AVAILABLE DATA:
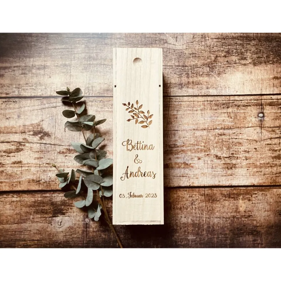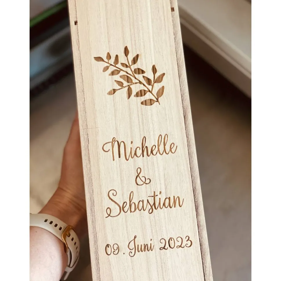 *Die Weinflasche und Dekoration sind nicht mit in der Lieferung enthalten. Es wird nur die gravierte Weinkiste geliefert.*
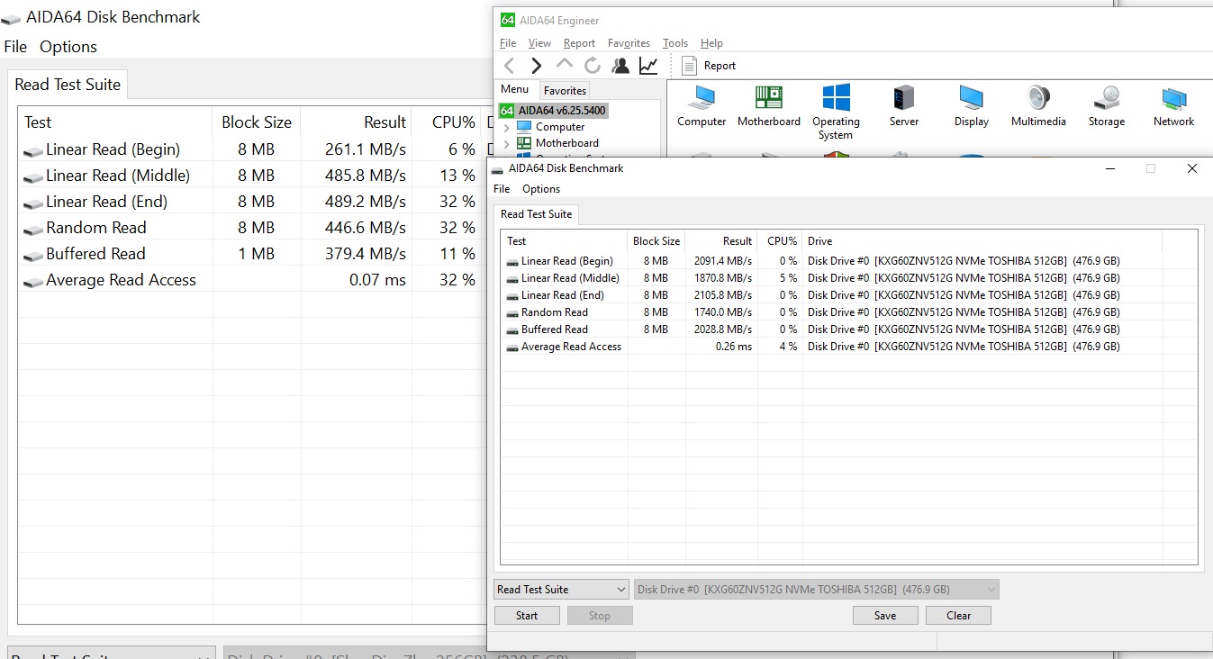 Disk bol pre mňa veľký otáznik, predsa len ide o čínskeho výrobcu, presnejšie ide o disk s označením: ShanDianZe. Disk som teda porovnal voči 512GB SSD Toshiba, ktorý mám v spomínanom Dell XPS 9380. Na test som použil AIDA 64 Engineer edition a benchmark na disk, ktorý otestuje viacero atribútov naraz.
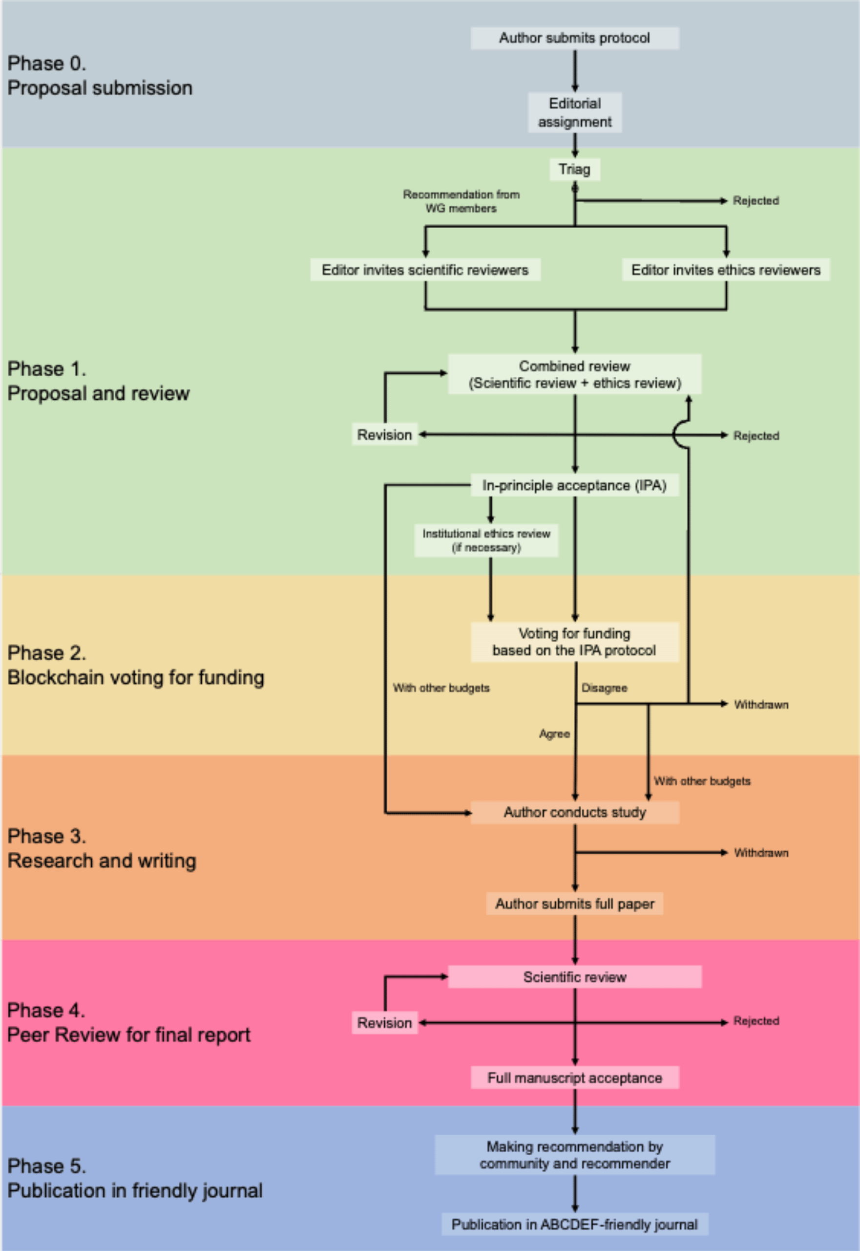 Current scientific endeavors have become complicated and protracted. Science advances by sifting through numerous findings made by many individuals and organizations. However, the current ecosystem of science suffers from various problems. First, researchers spend great amounts of time writing grant proposals to obtain research funding rather than conducting scientific investigations (Herbert et al. 2013). Funding decisions rely heavily on citation metrics, such as researcher h-indexes.1,2 Second, it is now standard for human and animal research to undergo ethics reviews before being initiated. However, these reviews are usually carried out behind closed doors by ethics committees composed of members selected by each institution.3 Additionally, such reviews are often ill-suited to evaluate research methods because the committees do not include experts in pertinent fields.4 Moreover, approved proposals must often be revised due to unforeseen changes in experimental methodology, necessitating reassessment by post hoc peer review.5 Accordingly, much research effort is wasted. Third, infrastructure to support reproducibility and transparency has not yet been fully developed,6–8 although there are a plethora of efforts to advance open science, such as open access, open data/material/code, open review reports, open peer review, pre-registration, and registered reports systems. Finally, there is excessive centralization of authority,9,10 and funding is often concentrated on limited numbers of scientists and publishers.11,12

AIM OF THE TASK:
Please output the listing above exactly from its first line through the line with "Disk bol pre", both included, and nothing beyond that line. Omit pictures.

RESPONSE AREA:
 *Die Weinflasche und Dekoration sind nicht mit in der Lieferung enthalten. Es wird nur die gravierte Weinkiste geliefert.*
 Disk bol pre mňa veľký otáznik, predsa len ide o čínskeho výrobcu, presnejšie ide o disk s označením: ShanDianZe. Disk som teda porovnal voči 512GB SSD Toshiba, ktorý mám v spomínanom Dell XPS 9380. Na test som použil AIDA 64 Engineer edition a benchmark na disk, ktorý otestuje viacero atribútov naraz.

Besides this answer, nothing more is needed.